### DATA EXTRACT
::::::
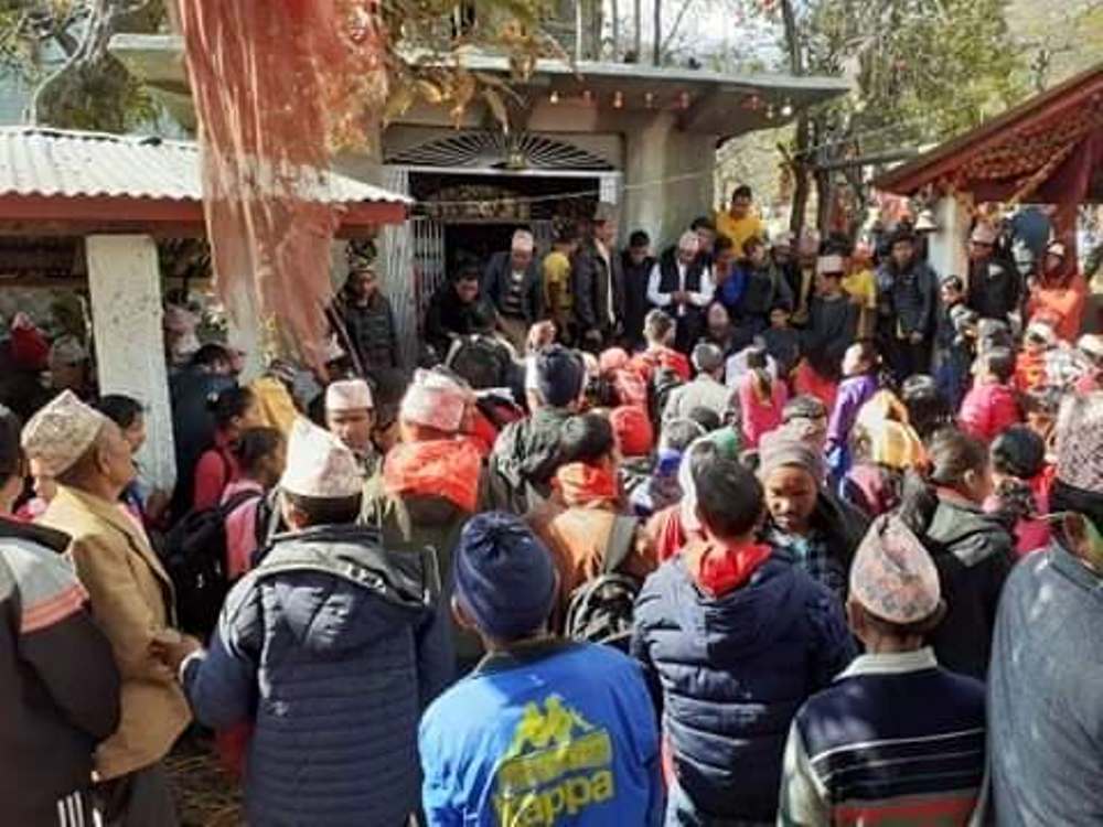 काडागाइ भनिने दौल्याल परिवारको पुजारीले सिङ्गो सुख ढाल्नुपर्छ । त्यो सिङ्गो रुखलाइ नै नबिगारिकन नभाचिकन जस्ताको तेस्तै ल्याउने प्रचलन छ । यो बर्ष श्रीपञ्चमी पनिसंगै परेकाले यो मन्दिरमा हुम लगाउने र ५०÷६० भन्दा बढी बोकाको बलि दिने चलन पनि छ ।
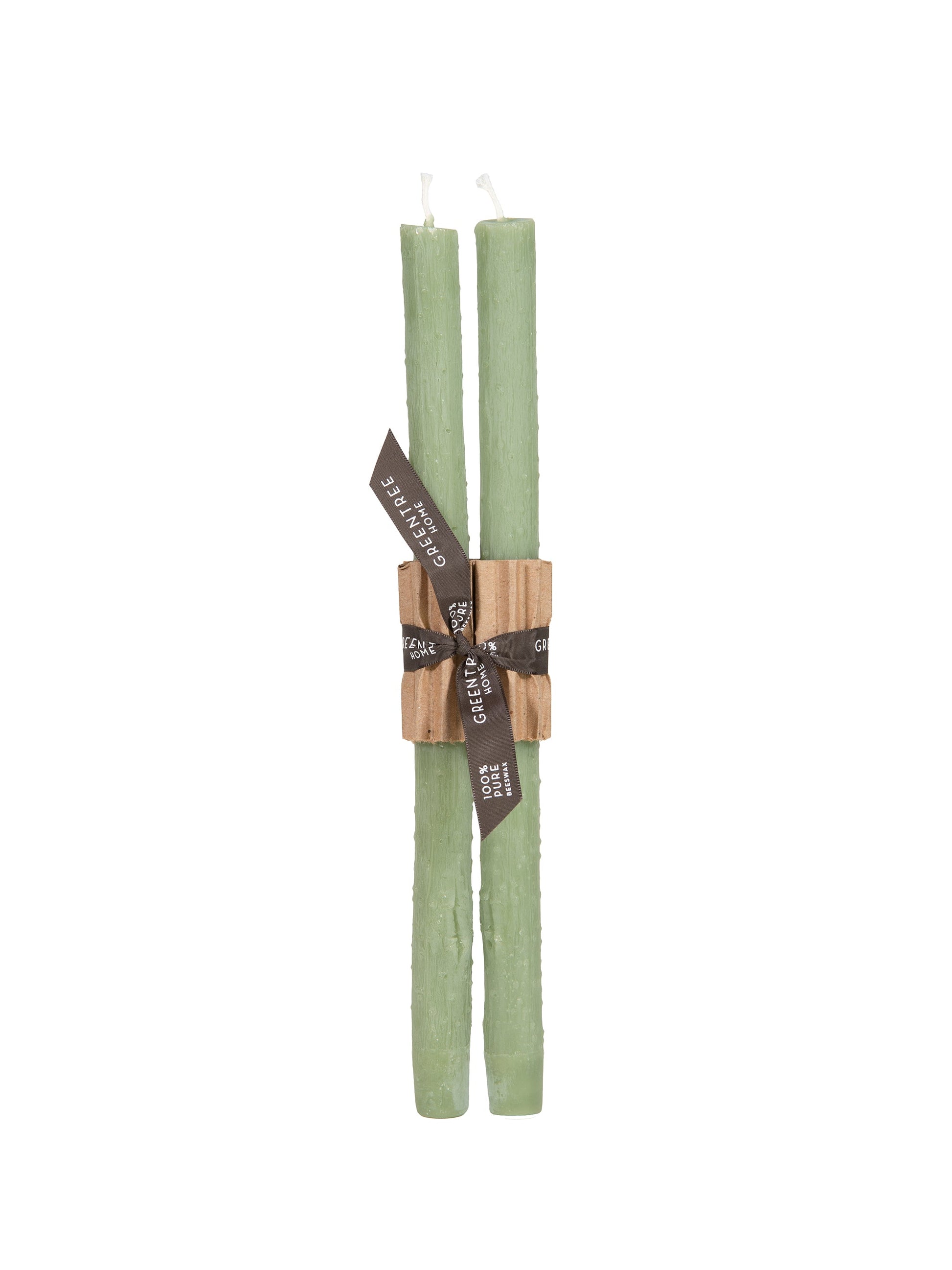 Cast from elderberry branches native to New York State and intended to look like tree twigs, these 100% beeswax taper candles come in four colors.
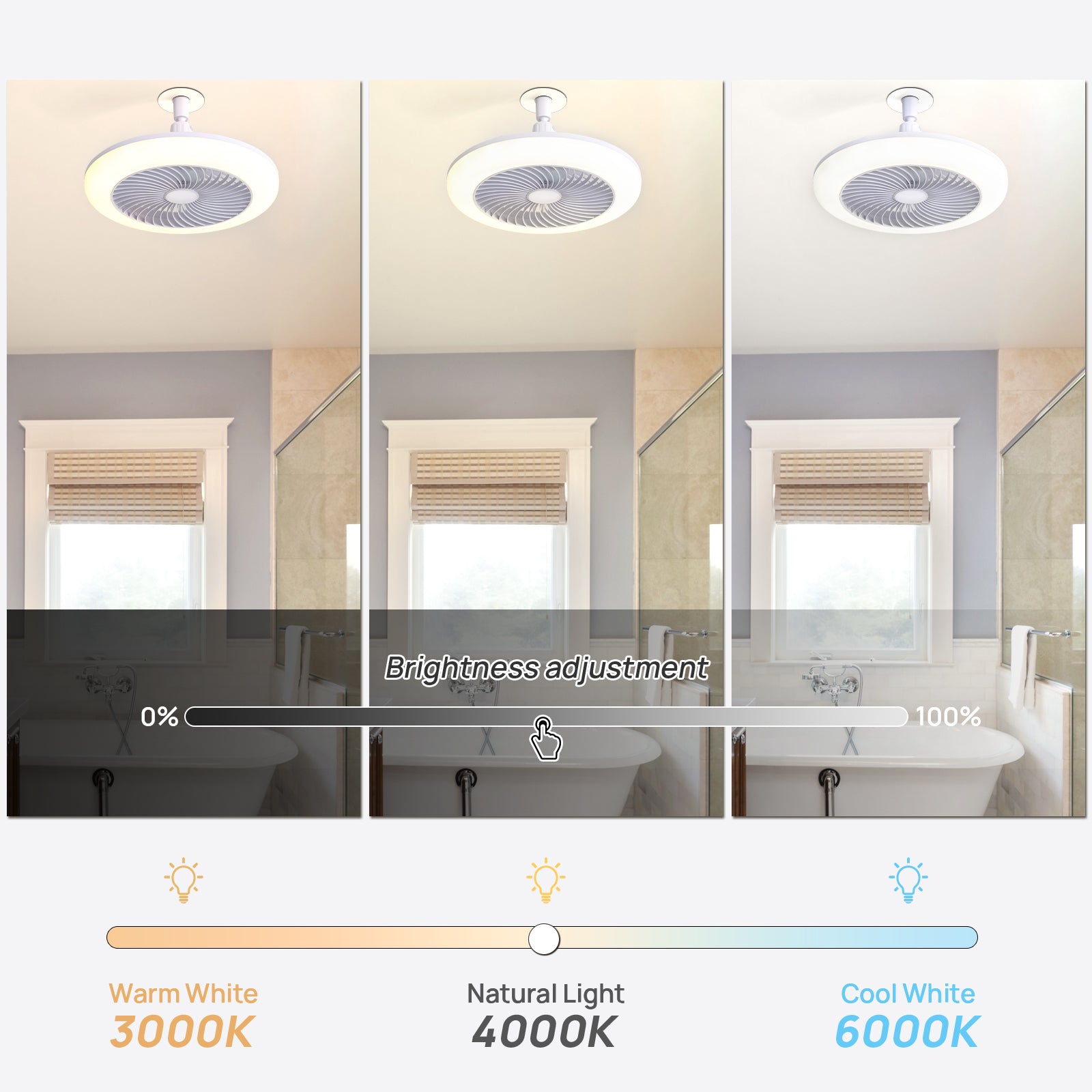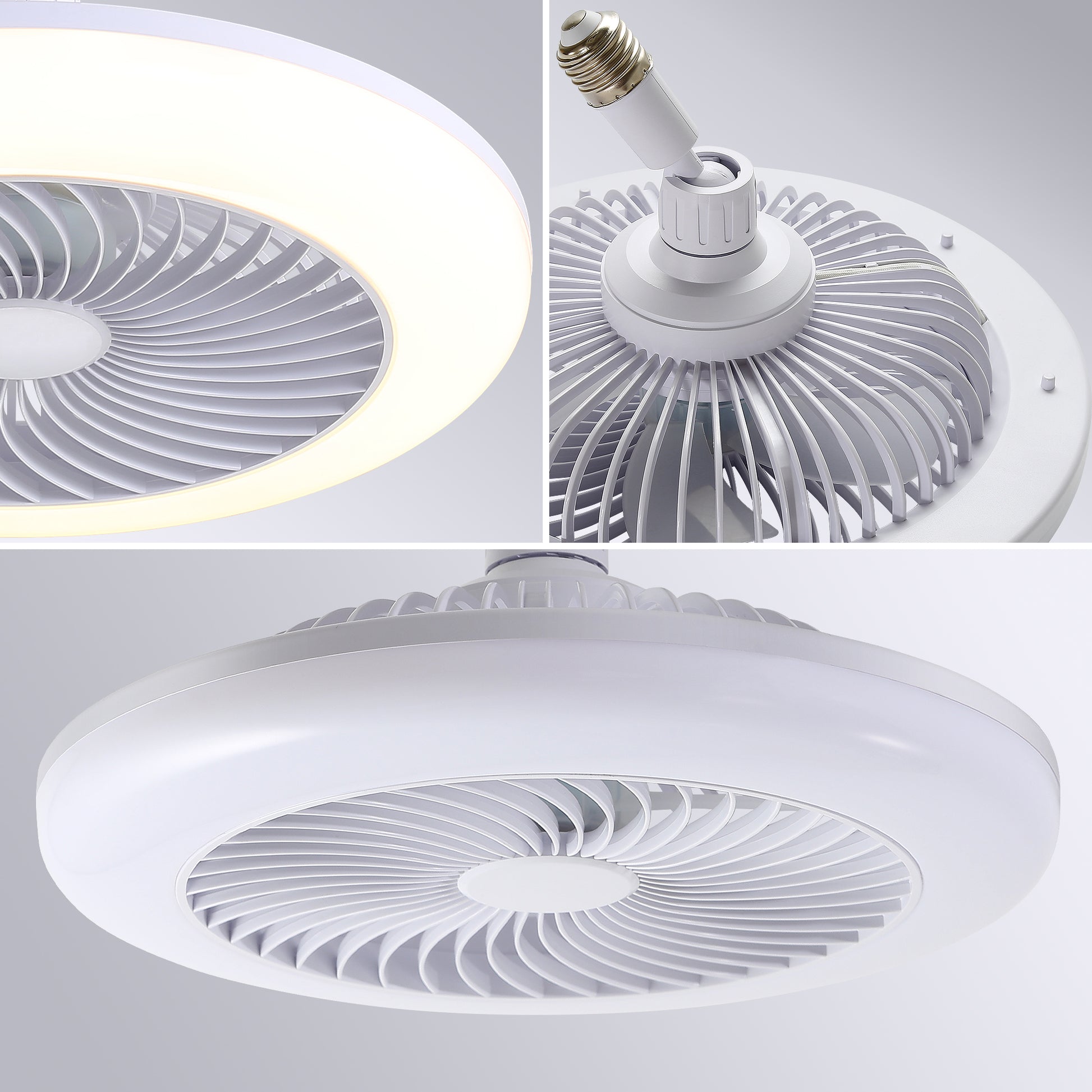 Mini Size 8 Inch Enclosed Socket E26 Ceiling Fan Light 3 Speeds 3 Light Color Dimming And Timing For Small Room Kitchen White Pc
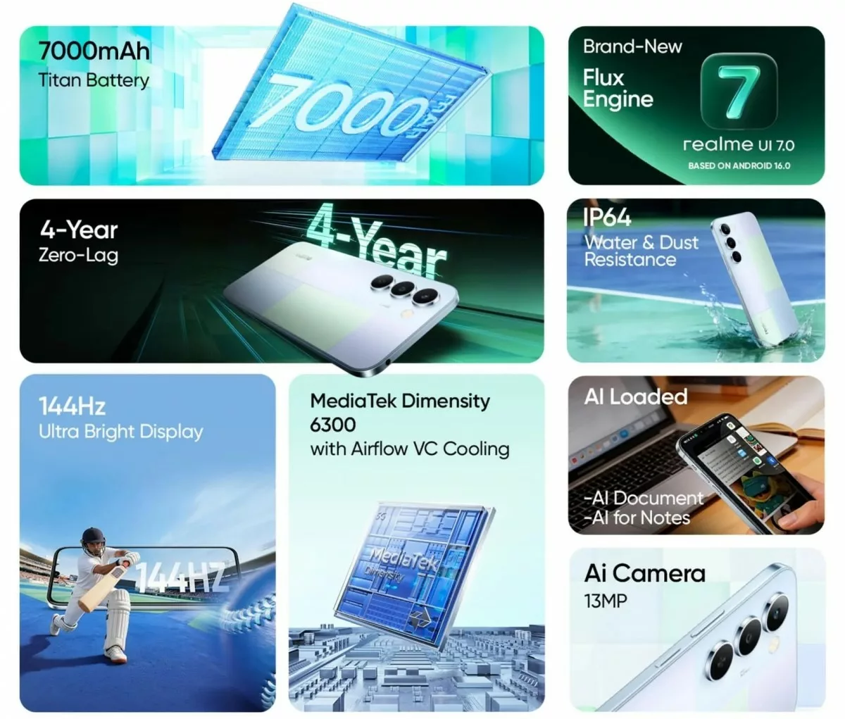 Yazılım ve donanım konusunda da güncel teknolojileri barındıran akıllı telefon, kutusundan Android 16 tabanlı Realme UI 7.0 işletim sistemiyle çıkacak. Şirket, kullanıcılarına 2 yıl işletim sistemi güncellemesi ve 3 yıl güvenlik yaması desteği sunacağının garantisini veriyor. Performansı desteklemek adına cihazda 6 GB’a kadar RAM ve 128 GB dahili depolama alanı bulunacak. Yoğun kullanımlarda ısınmayı önlemek için bu modelde özel bir buhar soğutma odası da yer alıyor.
::::::
### WHAT YOU HAVE TO DO
The material above should be printed again exactly, with each picture left out.

### YOUR SOLUTION
 काडागाइ भनिने दौल्याल परिवारको पुजारीले सिङ्गो सुख ढाल्नुपर्छ । त्यो सिङ्गो रुखलाइ नै नबिगारिकन नभाचिकन जस्ताको तेस्तै ल्याउने प्रचलन छ । यो बर्ष श्रीपञ्चमी पनिसंगै परेकाले यो मन्दिरमा हुम लगाउने र ५०÷६० भन्दा बढी बोकाको बलि दिने चलन पनि छ ।
 Cast from elderberry branches native to New York State and intended to look like tree twigs, these 100% beeswax taper candles come in four colors.
 Mini Size 8 Inch Enclosed Socket E26 Ceiling Fan Light 3 Speeds 3 Light Color Dimming And Timing For Small Room Kitchen White Pc
 Yazılım ve donanım konusunda da güncel teknolojileri barındıran akıllı telefon, kutusundan Android 16 tabanlı Realme UI 7.0 işletim sistemiyle çıkacak. Şirket, kullanıcılarına 2 yıl işletim sistemi güncellemesi ve 3 yıl güvenlik yaması desteği sunacağının garantisini veriyor. Performansı desteklemek adına cihazda 6 GB’a kadar RAM ve 128 GB dahili depolama alanı bulunacak. Yoğun kullanımlarda ısınmayı önlemek için bu modelde özel bir buhar soğutma odası da yer alıyor.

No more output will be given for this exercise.